◆ **Task goal**: Return, unchanged and with no pictures, the lines below from the very first through the one that contains "구로구가 전기기능사 취득 과정 훈련생을 5월 29일까지 모집한다.".

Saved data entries
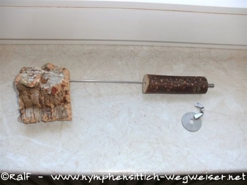 Nun wird das Loch für den Edelstahlstab in die Korkplatte gebohrt.
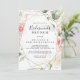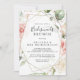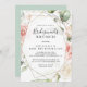 Este convite de chá de brunch, dourado geométrico, é perfeito para um chá de casamento moderno. O design apresenta uma folhagem botânica, pintada à mão, verde e dourada, com flores cor-de-rosa, pinceladas, brancas, enfeitando uma elegante estrutura geométrica.
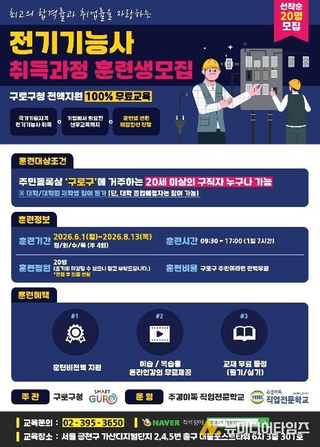구로구가 전기기능사 취득 과정 훈련생을 5월 29일까지 모집한다.
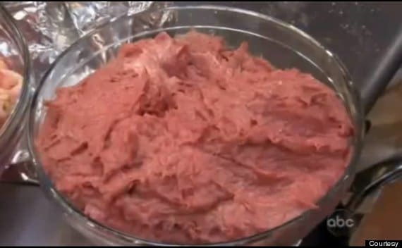 La fausse viande ne concernerait pas uniquement les nuggets: Aux Etats-Unis, la chaîne de fast food mexicaine, Taco Bell, a fait polémique dernièrement après la publication d’images de viande de bœuf destinée aux tacos « Doritos Locos », une fois leur arrivée en cuisine. En effet, ce qui semblerait être du pain d’épice (photo ci-dessous), n’est en fait que de la… viande en sac! Une viande qui, outre son aspect répugnant, ne serait constituée que de… 36% de bœuf.
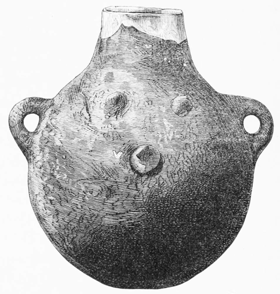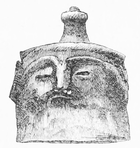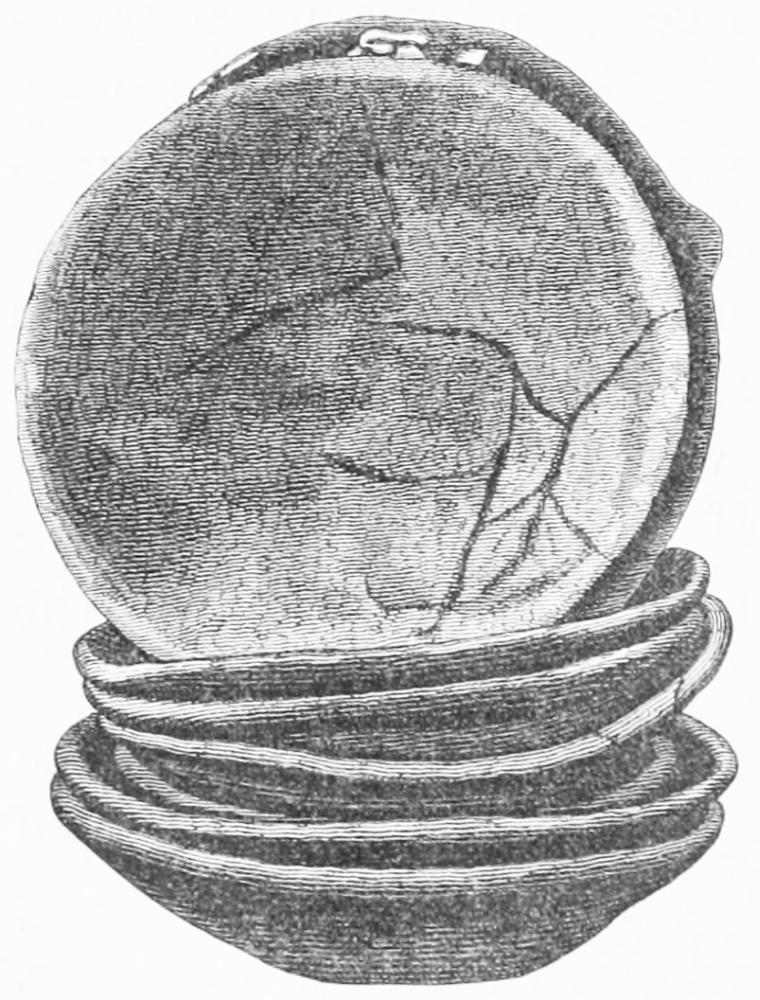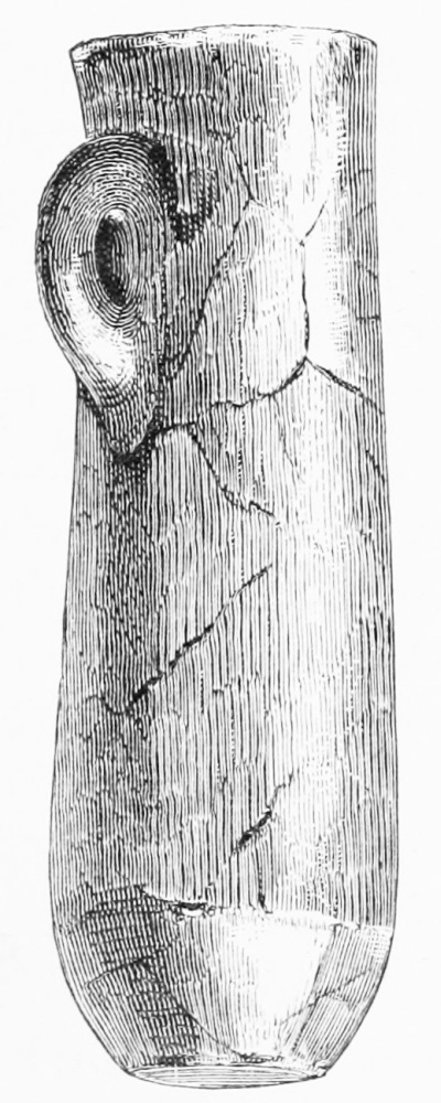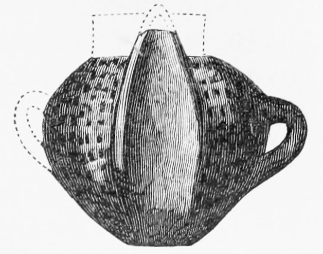 Another illustration is worth adding of the persistence of the forms of objects in common use in the same region. (See p. 47.) Mr. Davis, in his recently published travels in Asia Minor,[20] describes a wooden vessel for carrying water, which he saw at Hierapolis, in Phrygia, of the very same form as the crown-handled vase-covers of terra-cotta found in such numbers by Schliemann (see p. 25, 48, 86, 95, &c.). “They are made of a section of the pine: the inside is hollowed from below, and the bottom is closed by another piece of wood exactly fitted into it.” The two drawings given by Mr. Davis closely resemble our cut, No. 51, p. 86.
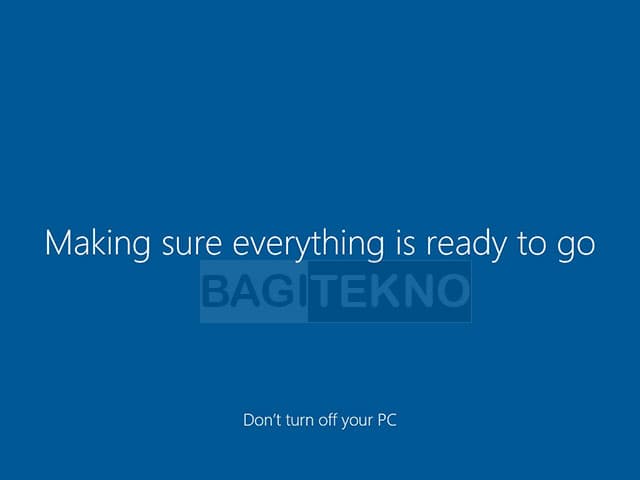 Setelah itu, Laptop atau Komputer anda akan restart kembali dan proses install Windows 10 akan berlanjut. Windows 10 akan melakukan persiapan sebelum memasuki proses konfigurasi, ini akan memerlukan waktu beberapa menit.

◆ **Response for this exercise**:
 Nun wird das Loch für den Edelstahlstab in die Korkplatte gebohrt.
 Este convite de chá de brunch, dourado geométrico, é perfeito para um chá de casamento moderno. O design apresenta uma folhagem botânica, pintada à mão, verde e dourada, com flores cor-de-rosa, pinceladas, brancas, enfeitando uma elegante estrutura geométrica.
구로구가 전기기능사 취득 과정 훈련생을 5월 29일까지 모집한다.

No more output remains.